Jeffrey C. Smith
About Jeffrey C. Smith
Jeffrey C. Smith is the non‑executive Chairman of Midland States Bancorp, Inc. (MSBI), serving as Chairman since 2020 and a director since 2005; he is age 64 in the latest proxy. He is Principal and Managing Partner of Walters Golf Management (St. Louis), where he has served since 1996, and holds a B.S. in Education from the University of Missouri. His biography highlights operating experience, board leadership, and deep knowledge of the St. Louis market; he also serves on two not‑for‑profit boards: Greater St. Louis Golf Charities and the Metropolitan Golf Foundation .
Past Roles
| Organization | Role | Tenure | Committees/Impact |
|---|---|---|---|
| Midland States Bancorp, Inc. | Chairman of the Board; Director | Chairman since 2020; Director since 2005 | Board leadership; previously referenced as Chair of Nominating & Corporate Governance Committee in 2023 biography . |
| Walters Golf Management | Principal & Managing Partner | Since 1996 | Operational leadership of multi‑property golf management business . |
External Roles
| Organization | Role | Tenure | Notes |
|---|---|---|---|
| Greater St. Louis Golf Charities | Director/Trustee (non‑profit) | Not disclosed | Philanthropic board service . |
| Metropolitan Golf Foundation | Director/Trustee (non‑profit) | Not disclosed | Philanthropic board service . |
| Other public company boards | — | — | No other public company directorships are disclosed in MSBI’s proxy biography for Mr. Smith . |
Board Governance
- Independence and leadership: The board has a majority of independent directors; all current directors except the CEO (Mr. Ludwig) are independent, and MSBI separates the Chair and CEO roles with Mr. Smith serving as non‑executive Chair. Independent directors hold regular executive sessions (nine in 2023; four in 2022) .
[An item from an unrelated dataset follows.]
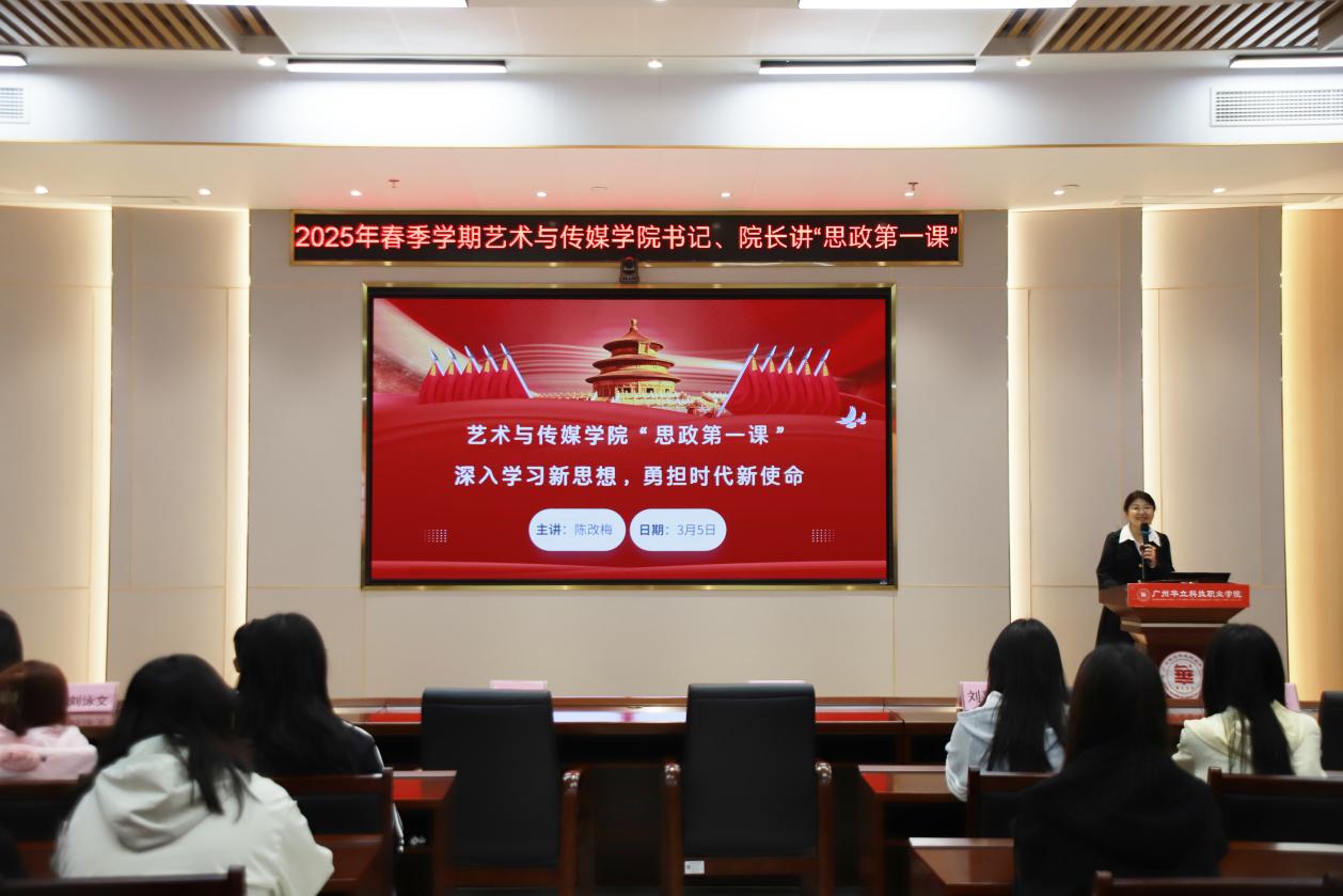 藝術(shù)與傳媒學(xué)院黨總支書記陳改梅以“深入學(xué)習(xí)新思想,勇?lián)鷷r代新使命”為題,結(jié)合AI技術(shù)革新、元宇宙文化傳播、“國潮熱”興起等熱點話題,強調(diào)新時代青年需將專業(yè)學(xué)習(xí)與國家戰(zhàn)略緊密結(jié)合。陳書記提出“以文化自信為底色,以技術(shù)創(chuàng)新為翼”,鼓勵學(xué)生用數(shù)字藝術(shù)講好中國故事,創(chuàng)作兼具思想深度與人文溫度的藝術(shù)作品。

- Committee assignments (current): Smith serves on the Compensation Committee and the Nominating & Corporate Governance Committee; current chairs are Ramos (Compensation) and McDaniel (Nominating & Corporate Governance) .
- Committee assignments (prior year context): In 2024, Smith also served on the Compensation and Nominating & Corporate Governance Committees; chairs then were Golden (Compensation) and McDaniel (Nominating & Corporate Governance) . The 2023 proxy biography states he served as Chair of the Nominating & Corporate Governance Committee (historical reference) .
- Attendance: The board held nine meetings in 2024; all directors attended at least 75% of board and committee meetings (no director‑specific exceptions disclosed) .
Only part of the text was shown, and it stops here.